We are interviewing for some VP positions and it has me thinking about one trait that I look for in a candidate, regardless of position.

Does this person have a strong point of view?

Not all leaders are managers and not all managers are leaders.  However, leaders usually have a strong point of view, a vision about where they want to go.  I love working with people like this.

I like to think that I endorse a meritocracy on a daily basis.  I try to make sure that the best idea wins within the framework of the real (not ideal) environment.  This is part of my point of view.

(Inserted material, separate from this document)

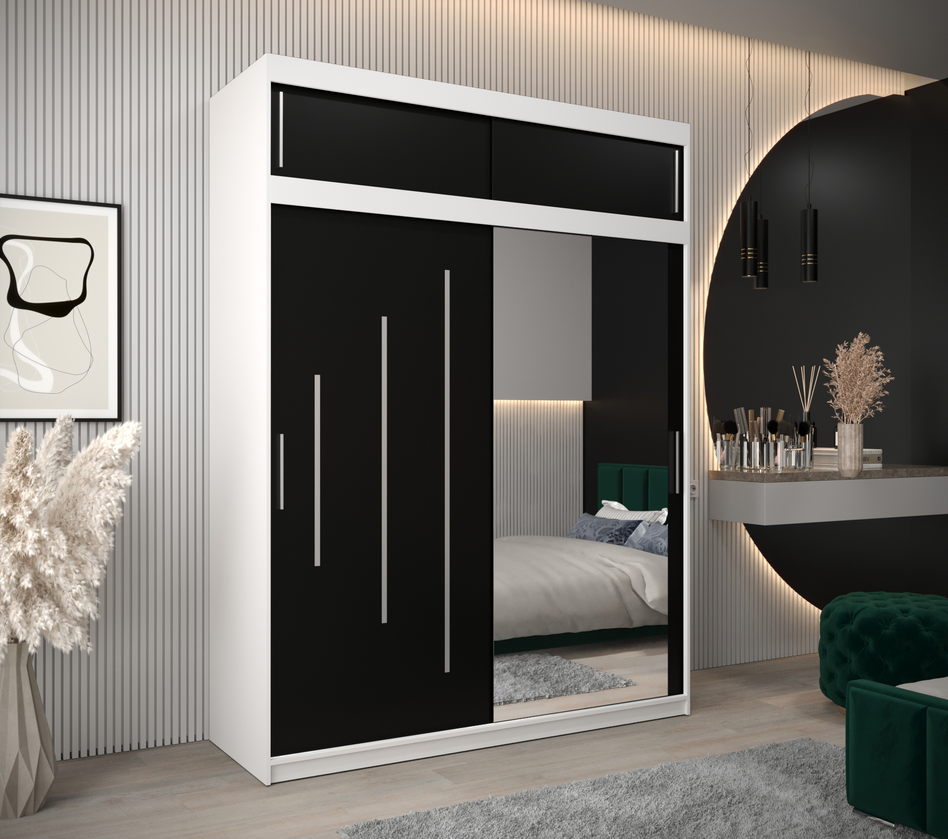 Domů Nábytek Ložnice Ložnicové sestavy Šatní skříň Abi Y2 s nástavcem Barva korpusu: Bílá, Rozměry: 180 cm, Dveře: Černá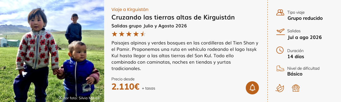 KIRGUISTÁN: Bastante alternativo. Gran parte del viaje transcurre en espacios abiertos, aldeas y zonas donde todavía se tiene la sensación de estar en un lugar poco tocado por el turismo.

When interviewing an engineer (for example), I love to hear about where they think technology is going.  I might disagree with their vision, but I respect people who put themselves out there and make a bet.

Then comes the problem…

When faced with new information, something that contradicts your vision and point of view, do you adapt and change?

Tea Party Republicans (sorry to anyone who will be offended) will ignore science, facts, evidence and logic to “stick to their principles”.  They would literally die before they admitted they are wrong about Climate Change or any of a number of issues.  “Flip-flopping” is considered a deadly trait in politics.  It’s like you need to be right immediately because you can never change your mind or be convinced of the merits of an alternate point of view.

Having a strong point of view doesn’t mean you can’t change your mind.  It just means that when you are convinced of a new course, you adopt that course with zeal.

This is tricky stuff.  You get too attached to your point of view and you become stubborn.  You go with the flow and fail to lead in a positive direction.  Like in many things, balance is required.

Well, that’s my point of view anyway.